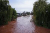 Aerial footage showed roads under muddy brown water, submerged cars and businesses along its main street flooded after the River Monnow rose to a record level and spilled over its banks.
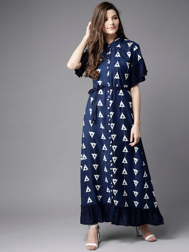 Queen ellie Women Navy Blue & White Printed Maxi Shirt Dress
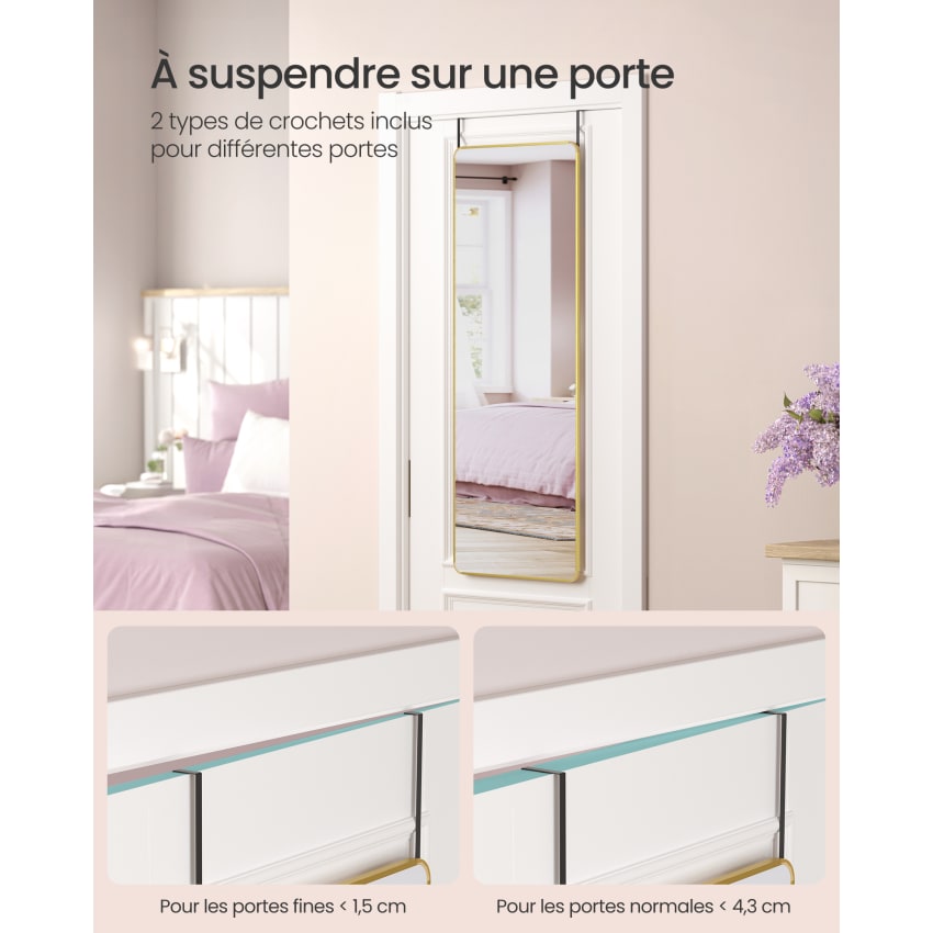 Caractéristiques : - Couleur : Doré clair - Matériaux : Verre trempé, alliage d'aluminium - Dimensions : 120 x 40 cm (L x l) - Poids : 4,2 kg. Voir plus d... Film de sécurité : Empêche les éclats de se disperser si le miroir se brise accidentellement. Livraison : 1 x Miroir intégral, 1 x Kit de montage, 1 x Mode d'emploi Plus qu'un miroir, c'est aussi une pièce décorative qui rehausse le style de votre chambre, entrée, salon ou salle de sport Précautions SONGMICS : Sortez le miroir intégral de l’emballage avec précaution pour éviter de l’abîmer. Placement flexible : Suspendez-le sur un mur ou une porte selon vos besoins. 【CADRE EN ALLIAGE D'ALUMINIUM DE QUALITÉ PREMIUM】Le cadre solide est conçu pour résister à la rouille tout en conservant sa finition brillante. Songmics SONGMICS Ganzkörperspiegel 120 x 40 cm rechteckig New Year Top Sellers Veuillez fixer le miroir à un mur ou une porte selon les instructions. Cadre en alliage d'aluminium de qualité premium : Conçu pour résister à la rouille tout en Leger Porte Miroir Intégral Suspendu, 120 X 40 Cm, Miroir Arqué, Cadre En Alliage D Aluminium Verre Trempe Pour Chambre Salon Dressing Dore Clair Miroir Chambre Salon Dressing Design épuré : Le cadre arqué ajoute une touche d'élégjance à votre chambre, entrée, Caractéristiques : Couleur : Doré clair Verre trempé haute résistance : Réduit le risque de casse. HOMCOM Miroir mural arqué 50 x 70 cm haute définition cadre alliage... 【VUE COMPLÈTE, POLYVALENCE】De dimensions 120 x 40 cm, ce miroir intégral vous offre une vue complète de votre tenue. Dimensions : 120 x 40 cm (L x l), Poids : 4,2 kg Grâce à son cadre léger, il peut être déplacé facilement et posé chez vous, à l'endroit de votre choix 【CHARMANT DANS TOUTE PIÈCE】 Ce miroir psyché présente un cadre arqué épuré qui ajoute de l'élégance à votre intérieur. Matériaux : Verre trempé, alliage d'aluminium 【PRÊT À ÊTRE INSTALLÉ】 Prêt à poser et à utiliser, ce miroir intégral suspendu ne nécessite aucun montage.

- - - - -

Set the listing down verbatim, excluding pictures.

 Aerial footage showed roads under muddy brown water, submerged cars and businesses along its main street flooded after the River Monnow rose to a record level and spilled over its banks.
 Queen ellie Women Navy Blue & White Printed Maxi Shirt Dress
 Caractéristiques : - Couleur : Doré clair - Matériaux : Verre trempé, alliage d'aluminium - Dimensions : 120 x 40 cm (L x l) - Poids : 4,2 kg. Voir plus d... Film de sécurité : Empêche les éclats de se disperser si le miroir se brise accidentellement. Livraison : 1 x Miroir intégral, 1 x Kit de montage, 1 x Mode d'emploi Plus qu'un miroir, c'est aussi une pièce décorative qui rehausse le style de votre chambre, entrée, salon ou salle de sport Précautions SONGMICS : Sortez le miroir intégral de l’emballage avec précaution pour éviter de l’abîmer. Placement flexible : Suspendez-le sur un mur ou une porte selon vos besoins. 【CADRE EN ALLIAGE D'ALUMINIUM DE QUALITÉ PREMIUM】Le cadre solide est conçu pour résister à la rouille tout en conservant sa finition brillante. Songmics SONGMICS Ganzkörperspiegel 120 x 40 cm rechteckig New Year Top Sellers Veuillez fixer le miroir à un mur ou une porte selon les instructions. Cadre en alliage d'aluminium de qualité premium : Conçu pour résister à la rouille tout en Leger Porte Miroir Intégral Suspendu, 120 X 40 Cm, Miroir Arqué, Cadre En Alliage D Aluminium Verre Trempe Pour Chambre Salon Dressing Dore Clair Miroir Chambre Salon Dressing Design épuré : Le cadre arqué ajoute une touche d'élégjance à votre chambre, entrée, Caractéristiques : Couleur : Doré clair Verre trempé haute résistance : Réduit le risque de casse. HOMCOM Miroir mural arqué 50 x 70 cm haute définition cadre alliage... 【VUE COMPLÈTE, POLYVALENCE】De dimensions 120 x 40 cm, ce miroir intégral vous offre une vue complète de votre tenue. Dimensions : 120 x 40 cm (L x l), Poids : 4,2 kg Grâce à son cadre léger, il peut être déplacé facilement et posé chez vous, à l'endroit de votre choix 【CHARMANT DANS TOUTE PIÈCE】 Ce miroir psyché présente un cadre arqué épuré qui ajoute de l'élégance à votre intérieur. Matériaux : Verre trempé, alliage d'aluminium 【PRÊT À ÊTRE INSTALLÉ】 Prêt à poser et à utiliser, ce miroir intégral suspendu ne nécessite aucun montage.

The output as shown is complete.